Young adult novel by Meg Medina

Burn Baby Burn is a 2016 young adult novel written by Cuban-American author Meg Medina. It was first published in March, 2016 through Candlewick Press and follows a young woman growing up during the summer of 1977, when the Son of Sam began targeting young women.

==Synopsis==

It's the summer of 1977 in Queens, New York and all Nora López wants to do is get old enough to move out and live on her own. Her home life is difficult, as her father left home and remarried when she was little and will only occasionally send them money to cover the family's rent – something made more vital when Nora's mother begins to gain fewer hours at work. Nora's younger brother, Hector, is violent and abusive, as he will frequently beat both Nora and their mother whenever he gets angry. Her mother is dismissive of Hector's abuse as she feels that it is just a phase, or boys being boys and always tries to get Nora to calm Hector, to little effect. Nora is loath to let her best friend Kathleen MacInerney know exactly how bad things have gotten at home. Kathleen has a nice house and a loving family, including a firefighter father and a feminist mother. She doesn't think Kathleen will understand what she's going through, so she hides her bruises and poverty.

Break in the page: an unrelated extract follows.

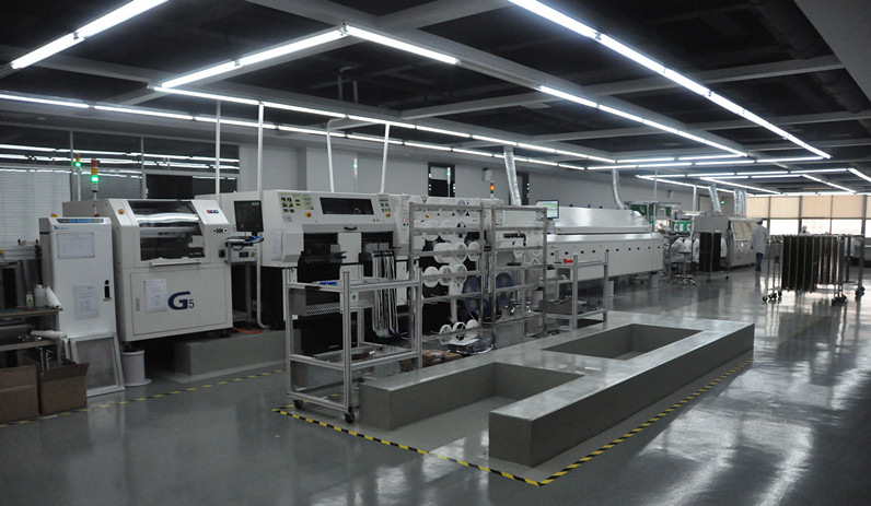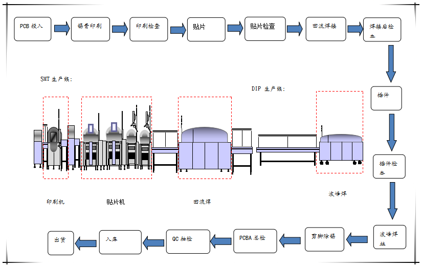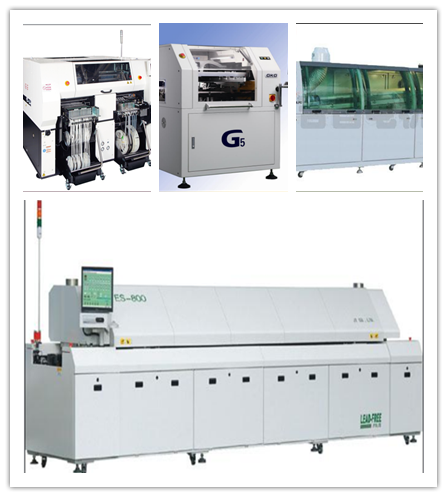 貼片車(chē)間生產(chǎn)線(xiàn)目前有1條SMT(表面封裝焊接技術(shù))與DIP(通孔封裝焊接技術(shù))組成。其中SMT設(shè)備有全自動(dòng)上板機(jī)1臺(tái),全自動(dòng)傳送接駁設(shè)備3臺(tái),GKG全自動(dòng)印刷機(jī)1臺(tái),Panasonic-AM100高速貼片機(jī)2臺(tái),JTE全自動(dòng)熱風(fēng)回流焊爐1臺(tái),錫膏攪拌機(jī)1臺(tái)及全自動(dòng)烘箱1臺(tái)組成;DIP設(shè)備有全自動(dòng)插件線(xiàn)2條,日東全自動(dòng)波峰焊接爐1臺(tái),全自動(dòng)出板接駁設(shè)備1臺(tái),電容成型機(jī)1臺(tái)及電阻成型機(jī)1臺(tái);周邊輔助設(shè)備空壓機(jī)1臺(tái),冷干機(jī)1臺(tái)及風(fēng)機(jī)1臺(tái)。

Things seem to get better when a cute college boy named Pablo begins working with her at the local deli and they begin dating. However, it doesn't last and paranoia and fear creep in when fires and shootings start becoming commonplace. Not only that, but Nora always has to look over her shoulder to avoid becoming a victim of the Son of Sam, a real, notorious serial killer whose real name is David Berkowitz. The Son of Sam pleaded guilty to eight separate shootings in New York.

==Development==
While writing the novel Medina drew upon her personal experiences growing up in New York City during 1977, which she states was "just an epic year in New York City’s collective history. It felt like everything was at the brink of disaster, and yet there was this energy, this scary yet thrilling chaotic energy." This included the public's fear that anyone could be a victim of the Son of Sam, as this was prior to him being caught and identified as David Berkowitz and there was fear that he could be "anywhere and anybody". Medina chose to also feature the character of Nora experiencing second-wave feminism, commenting that she felt that it was important for modern readers to see feminism as something they could impact and appreciate. It took Medina three years to complete the book, half of which was spent writing and the other was spent editing and fine-tuning. As she was only thirteen when Berkowitz was captured and arrested in 1977, Medina conducted extensive research and interviewed people who were teens or adults during that point in time.

==Reception==

Burn Baby Burn received starred reviews from Kirkus, Booklist, Horn Book, and School Library Journal, as well as positive reviews from Publishers Weekly.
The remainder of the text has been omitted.